The book has its critics, and even the more-recent fourth edition contains some old-fashioned chestnuts that might make you chuckle, like “a word processor can save you time and labor as you rearrange your manuscript.” Nevertheless, all who write and are looking to improve their craft should keep a copy close by. Here are some of their ideas that will never go out of fashion.
Communication above All Else
Strunk and White take this seriously. They state that writers should seek to communicate what they have to say in the fewest words possible. The writer should do all the work to make things easy for the reader.
White writes in the introduction for the 1979 edition, “Will [Strunk] felt that the reader was in serious trouble most of the time, floundering in a swamp, and that it was the duty of anyone attempting to write in English to drain this swamp quickly and get the reader on dry ground.”
This value of communication is evident throughout The Elements of Style. Strunk and White support writing in a way that comes naturally, using “words and phrases that come readily to hand.” Using this kind of plain language bridges the gap between writer and reader. They discuss the importance of not overwriting or overstating because ornate prose and outlandish claims alienate the reader. The writer’s job is to inform and entertain.
Clarity, Clarity, Clarity
Without clarity, Strunk and White say, you have nothing, “although there is no substitute for merit in writing, clarity comes close to being one.”
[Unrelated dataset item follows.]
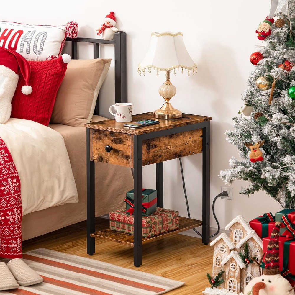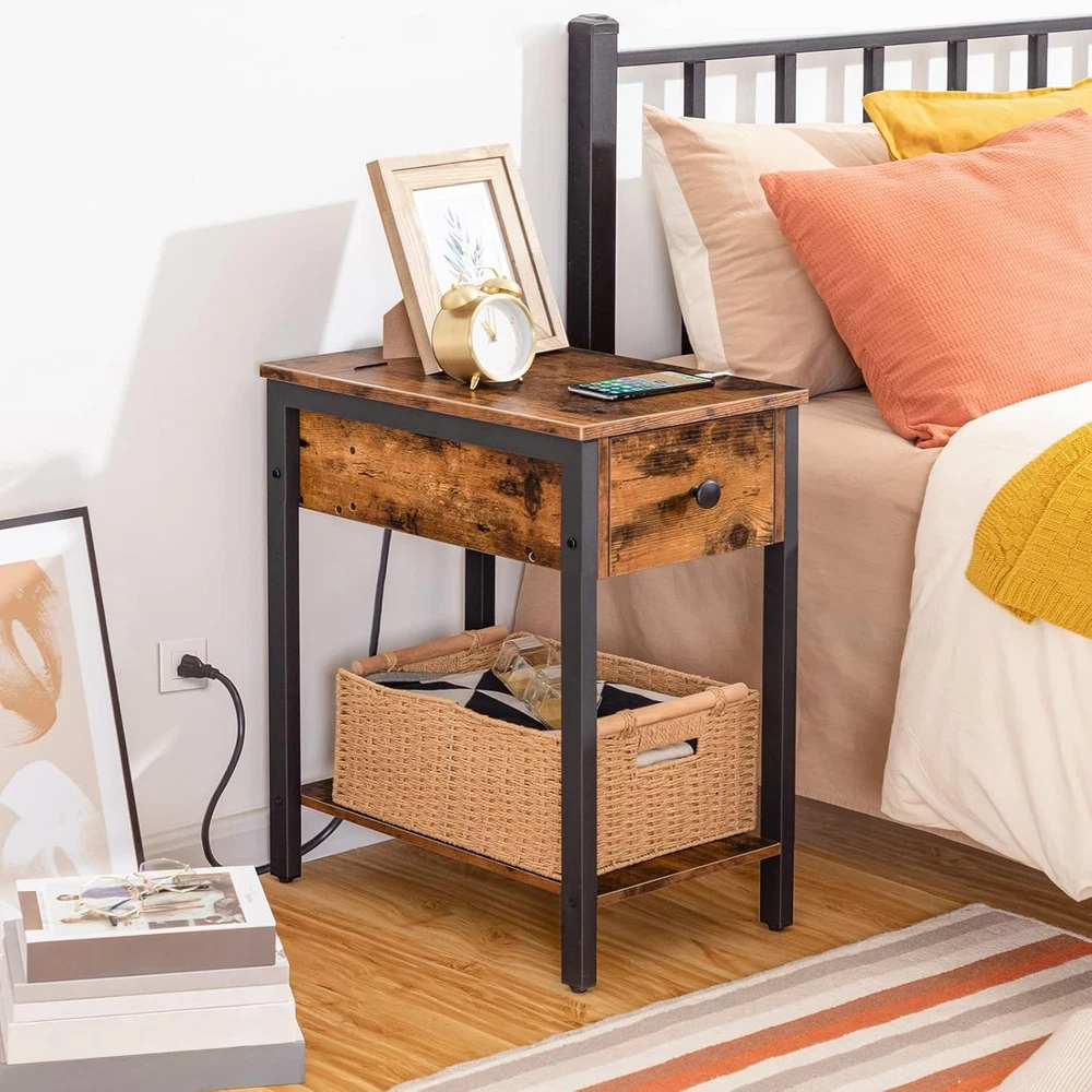 HOOBRO Rustic Brown and Black Narrow End Table with USB Charging Station

This is a typical mistake of novice writers. In an effort to be unique and impressive, young writers often seek to obscure their meaning and send the reader on a quest to find the point. After all, that’s how (they think) authors like Joyce and Faulkner became literary greats.
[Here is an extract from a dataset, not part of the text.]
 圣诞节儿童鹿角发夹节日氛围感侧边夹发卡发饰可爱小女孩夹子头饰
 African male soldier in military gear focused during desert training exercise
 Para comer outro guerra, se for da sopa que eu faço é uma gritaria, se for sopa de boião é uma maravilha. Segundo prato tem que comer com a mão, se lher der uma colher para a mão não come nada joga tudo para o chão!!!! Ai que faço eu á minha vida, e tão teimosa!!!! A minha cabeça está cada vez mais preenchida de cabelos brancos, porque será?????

But The Elements of Style mostly rejects these techniques and insists they should never interfere with clarity: “Even to a writer who is being intentionally obscure or wild of tongue we can say, ‘Be obscure clearly! Be wild of tongue in a way we understand!’”
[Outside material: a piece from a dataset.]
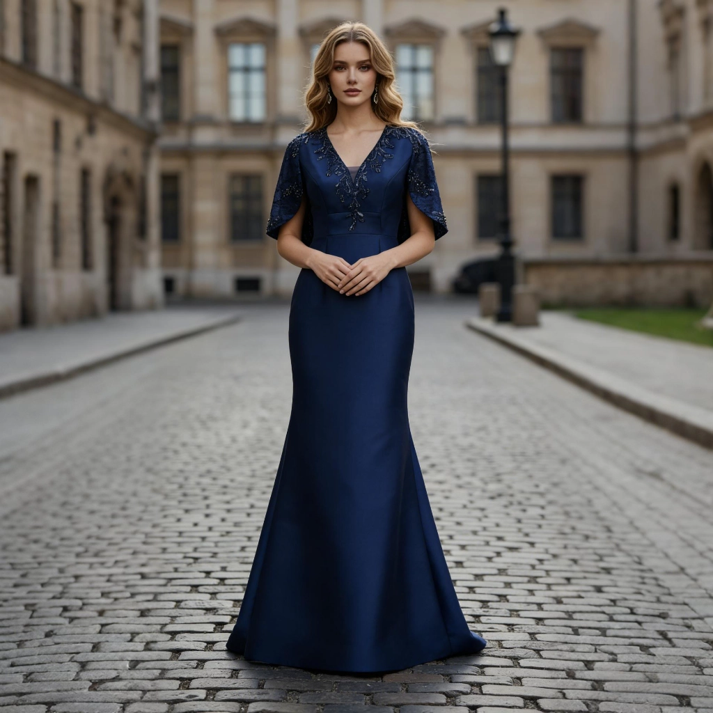 | Description | A deep blue V-neck gown with cape detailing and an open back, adorned with sparkling jewels for an air of sophistication. The perfect fashion statement to command attention at any important occasion. | A blue one-shoulder gown with three-dimensional floral embellishments and flowing tulle sleeves. Its tailored silhouette accentuates elegance, making it a captivating choice for showcasing distinctive taste at evening events. | This purple-gray V-neck gown features three-quarter sleeves adorned with three-dimensional floral embellishments and a mermaid-style skirt. Crafted from elegantly draping fabric, it exudes sophistication and grace for formal occasions. | A nude pink gown with a tulle shawl and tailored silhouette—its unique design radiates romance, making it the perfect eye-catching piece to transform you into an ethereal fairy at the gala. | A nude pink off-the-shoulder gown, adorned with full-length beaded embroidery for a luxurious and grand look, features three-quarter sleeves that add elegance. It is the perfect eye-catching piece to showcase sophistication at important occasions. | Navy blue one-shoulder gown with lace sleeves adorned with three-dimensional floral appliqués. The full skirt silhouette exudes elegance and grandeur, while exquisite details showcase your luxurious taste at the gala. |

They so oppose what they refer to as “muddiness” that they blame it for a variety of tragedies; it is “death on a highway caused by a badly worded sign, heartbreak among lovers caused by a misplaced phrase in a well-intentioned letter.”
Avoid Pretentious Style
A classic mistake is thinking that fancy words will improve a piece of writing. Teachers spot immediately the student who right-clicks every other word and selects the longest synonym available. It doesn’t make the writing sound smarter. In fact, it often has the opposite effect.
Their caution against pretentiousness is not a blanket statement against multisyllabic words. Sometimes a big word is need, and the authors note the difference “between the fancy and the plain, between the atrocious and the felicitous, is sometimes alarmingly fine.”
As is often the case with writing, there’s no easy fix. The only real solution is to develop one’s ear through years of reading and rereading excellent prose. When you use long words, be sure that you have a solid reason to do so. Sometimes there’s no shorter word that expresses your meaning, or the longer word makes the sentence flow better.
Once you have completed a first draft, Strunk and White say it is time to experiment and look for how to improve the communication. One good way to start is by omitting needless words. At ProofreadingPal (people to go to when you want an objective eye on your work), we often see “to be able to” and “in order to.” For both, “to” is almost always better.
A more difficult target is eliminating general and abstract language. Your sentences may be grammatically correct and concise, but still not communicate anything substantive.
Strunk and White provide this delightful example in contrasts: “He showed satisfaction as he took possession of his well-earned reward.” Compare that mess with this: “He grinned as he pocketed the coin.” Wherever you can, replace the general with the specific and the abstract with the concrete to make your writing livelier.
The Elements of Style remains a classic guide for all writers. In an age where people feel comfortable espousing their opinions about any topic, its humble, no-nonsense, reader-centered approach to writing is refreshing.